(Stored entries)
■ ■ ■
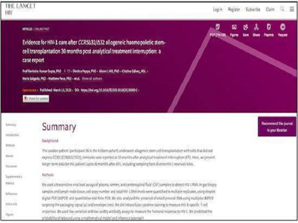 在这项最新研究中,作者对患者病情改善的评估从‘长期缓解’改为了‘治愈’,并确认‘伦敦病人’是世界上第2例被治愈的艾滋病患者。
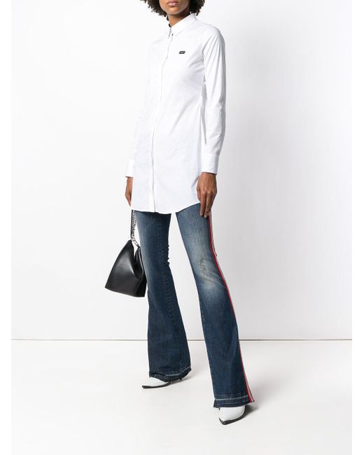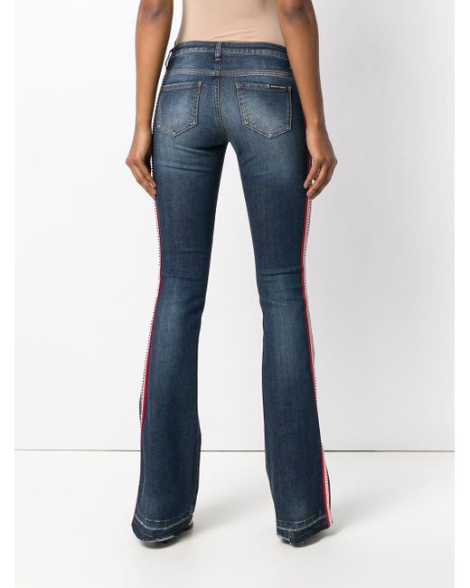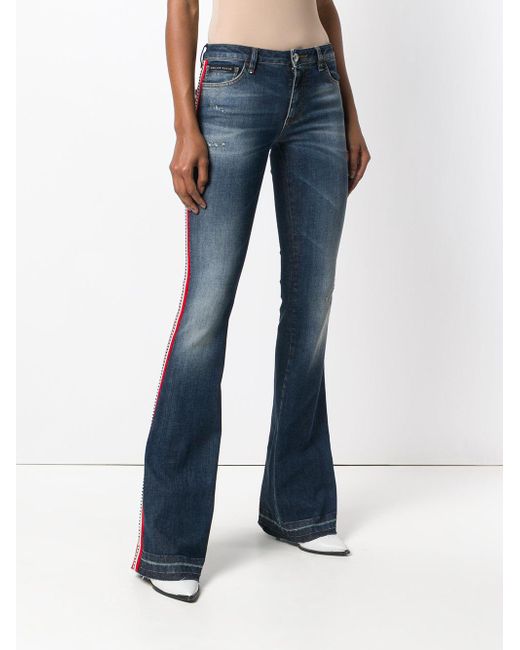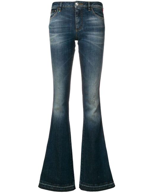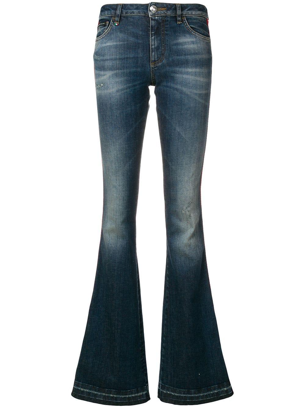 Alexa jeans van Philipp Plein voorzien van five-pocket-design, mid-rise, tailleband met riemlussen, knoop-en ritssluiting voorzijde, flared, lange lengte, streepdetail aan de zijkant, stonewash- effect en met stretch detail. Kleur: blauw
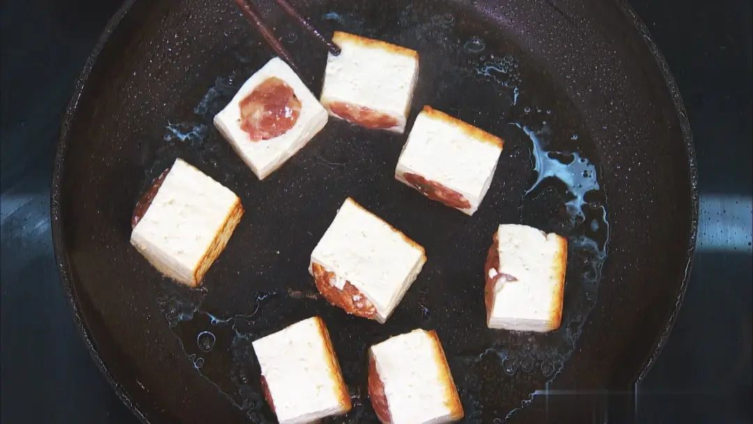 锅中少油,下入豆腐块六面煎制均匀上色。
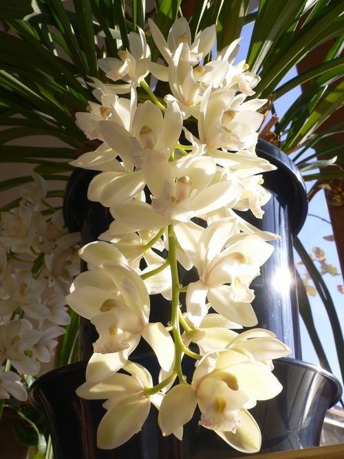 Here, Flower of Cymbidium is open fully, gorgeously, At center of white flower, small pnk spot appears, with a lot of small flower in fully open. Still bearing many budds, for a while, we can expect.
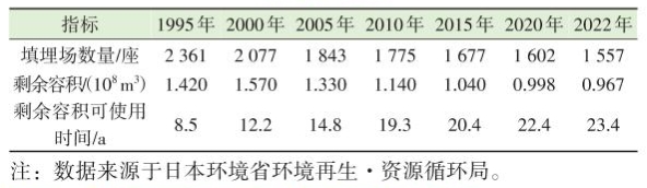 保障填埋场合理剩余容量可以避免规划建设应急填埋场,提高生活垃圾处理的韧性。根据日本环境部统计,1995-2022年日本生活垃圾填埋场数量虽然从2361座减少至1557座,填埋场剩余容积从 1.420x108m3降为9.670x107m3,但填埋剩余容积的使用年限却从85a提高到23.4a,如表12所示。
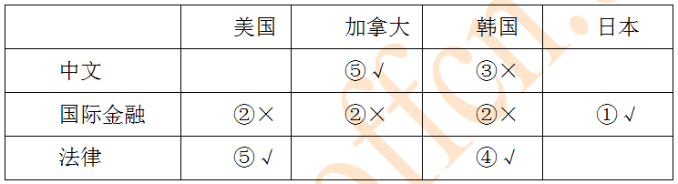 根據(jù)條件(1),日本和國際金融相交表格打鉤;國際金融行另外三個(gè)格為叉;
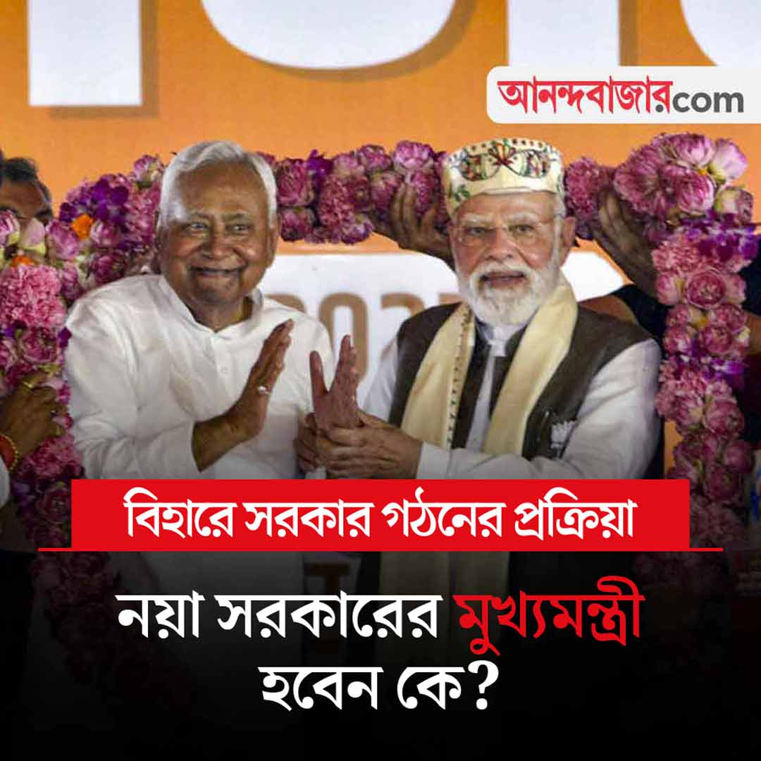 বিহারের বিধানসভা ভোটে একতরফা ভাবে জয়ী হয়েছে এনডিএ। ধারেকাছে ঘেঁষতে পারেনি বিরোধীদের ‘মহাগঠবন্ধন’। জয়ের পরে এনডিএ শিবির ফের এক বার সরকার গঠনের তোড়জোড় শুরু করে দিয়েছে। তবে এ বারের নির্বাচনে এনডিএ শিবির আগে থেকে কোনও মুখ্যমন্ত্রীর মুখ ঘোষণা করেনি। সে ক্ষেত্রে নীতীশ কুমারই কি ফের নয়া সরকারের মুখ্যমন্ত্রী হবেন? তা নিয়েও বিস্তর আলোচনা শুরু হয়েছে। শুক্রবার বিকেলেই নীতীশের বাসভবনে গিয়েছিলেন বিহারের বিদায়ী উপমুখ্যমন্ত্রী তথা বিজেপি নেতা সম্রাট চৌধরি। এ অবস্থায় বিহারের নতুন সরকার গঠনের প্রক্রিয়ার দিকে নজর থাকবে আজ।
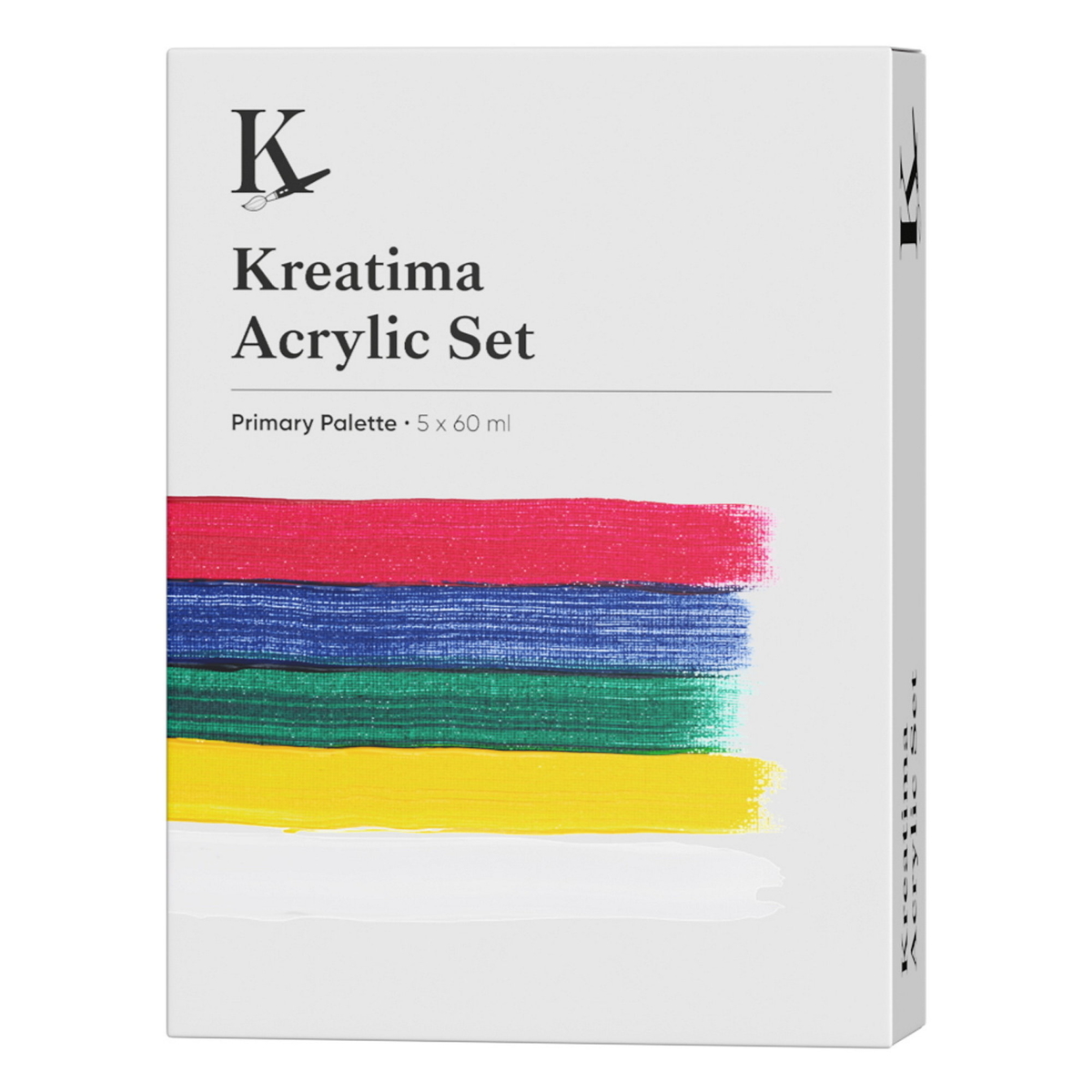 Settet inneholder et utvalg fra den store malingsserien som omfatter 47 farger, deriblant iriserende og fluorescerende farger, og til den finnes det dessuten en serie malemedier som er spesielt beregnet for å få frem akkurat det du ønsker av Kreatima Acrylic-malingen. Malingen produseres av Tri-Art og fungerer selvfølgelig med alle deres medier og malinger.
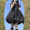 Sweet Short Sleeve Princess Stomach Cinching Puffy Mini Dress for Women Summer Style French Initial Short Skirt
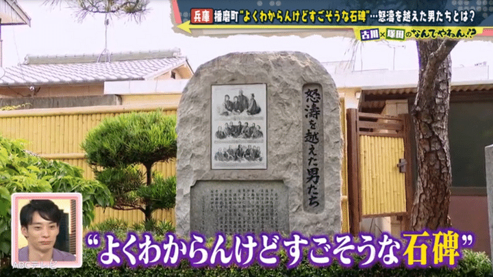兵庫県播磨町に“よくわからんけどすごそうな石碑”があると聞いたA.B.C-Zの塚田僚一とABCテレビの古川昌希アナウンサー。「『なんでやねん』ってそういうもんでしょ」と言いながらも調査したところ、播磨町の人が「なんで大河ドラマにならないのか」と思うほど大きなことをやり遂げた人物が浮かび上がってきた!
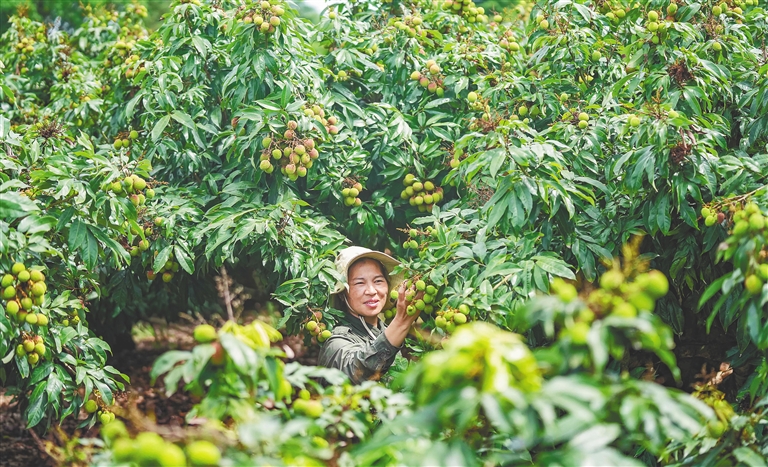 2022澄迈大丰荔枝乡村旅游嘉年华于5月10日在澄迈县大丰荔枝观光园启动。该活动将通过“电商助农+主播带货+达人团购+抖音大丰荔枝品牌秀”的新媒体营销矩阵,进一步推广大丰荔枝和澄迈乡村旅游品牌。图为果农在荔枝园里采摘荔枝。本报记者 陈元才 摄
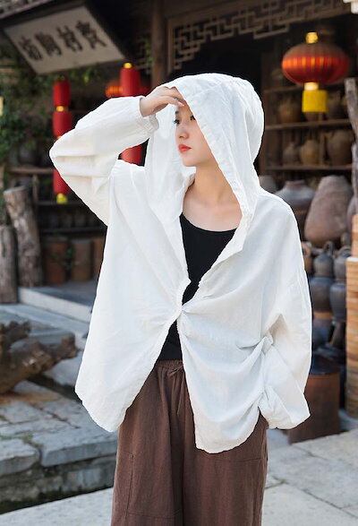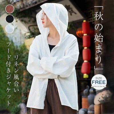 パーカー レディース 春 夏 リネン コットン シャツ ライトアウター 軽アウター 長袖 UVカット 綿麻 パーカー ジャケット カーディガン フード付き 長袖 紫外線対策 日焼け防止 女性用 大人
■ ■ ■
TASK TO CARRY OUT:
Return every line above verbatim, pictures excluded.

SOLUTION:
 在这项最新研究中,作者对患者病情改善的评估从‘长期缓解’改为了‘治愈’,并确认‘伦敦病人’是世界上第2例被治愈的艾滋病患者。
 Alexa jeans van Philipp Plein voorzien van five-pocket-design, mid-rise, tailleband met riemlussen, knoop-en ritssluiting voorzijde, flared, lange lengte, streepdetail aan de zijkant, stonewash- effect en met stretch detail. Kleur: blauw
 锅中少油,下入豆腐块六面煎制均匀上色。
 Here, Flower of Cymbidium is open fully, gorgeously, At center of white flower, small pnk spot appears, with a lot of small flower in fully open. Still bearing many budds, for a while, we can expect.
 保障填埋场合理剩余容量可以避免规划建设应急填埋场,提高生活垃圾处理的韧性。根据日本环境部统计,1995-2022年日本生活垃圾填埋场数量虽然从2361座减少至1557座,填埋场剩余容积从 1.420x108m3降为9.670x107m3,但填埋剩余容积的使用年限却从85a提高到23.4a,如表12所示。
 根據(jù)條件(1),日本和國際金融相交表格打鉤;國際金融行另外三個(gè)格為叉;
 বিহারের বিধানসভা ভোটে একতরফা ভাবে জয়ী হয়েছে এনডিএ। ধারেকাছে ঘেঁষতে পারেনি বিরোধীদের ‘মহাগঠবন্ধন’। জয়ের পরে এনডিএ শিবির ফের এক বার সরকার গঠনের তোড়জোড় শুরু করে দিয়েছে। তবে এ বারের নির্বাচনে এনডিএ শিবির আগে থেকে কোনও মুখ্যমন্ত্রীর মুখ ঘোষণা করেনি। সে ক্ষেত্রে নীতীশ কুমারই কি ফের নয়া সরকারের মুখ্যমন্ত্রী হবেন? তা নিয়েও বিস্তর আলোচনা শুরু হয়েছে। শুক্রবার বিকেলেই নীতীশের বাসভবনে গিয়েছিলেন বিহারের বিদায়ী উপমুখ্যমন্ত্রী তথা বিজেপি নেতা সম্রাট চৌধরি। এ অবস্থায় বিহারের নতুন সরকার গঠনের প্রক্রিয়ার দিকে নজর থাকবে আজ।
 Settet inneholder et utvalg fra den store malingsserien som omfatter 47 farger, deriblant iriserende og fluorescerende farger, og til den finnes det dessuten en serie malemedier som er spesielt beregnet for å få frem akkurat det du ønsker av Kreatima Acrylic-malingen. Malingen produseres av Tri-Art og fungerer selvfølgelig med alle deres medier og malinger.
 Sweet Short Sleeve Princess Stomach Cinching Puffy Mini Dress for Women Summer Style French Initial Short Skirt
兵庫県播磨町に“よくわからんけどすごそうな石碑”があると聞いたA.B.C-Zの塚田僚一とABCテレビの古川昌希アナウンサー。「『なんでやねん』ってそういうもんでしょ」と言いながらも調査したところ、播磨町の人が「なんで大河ドラマにならないのか」と思うほど大きなことをやり遂げた人物が浮かび上がってきた!
 2022澄迈大丰荔枝乡村旅游嘉年华于5月10日在澄迈县大丰荔枝观光园启动。该活动将通过“电商助农+主播带货+达人团购+抖音大丰荔枝品牌秀”的新媒体营销矩阵,进一步推广大丰荔枝和澄迈乡村旅游品牌。图为果农在荔枝园里采摘荔枝。本报记者 陈元才 摄
 パーカー レディース 春 夏 リネン コットン シャツ ライトアウター 軽アウター 長袖 UVカット 綿麻 パーカー ジャケット カーディガン フード付き 長袖 紫外線対策 日焼け防止 女性用 大人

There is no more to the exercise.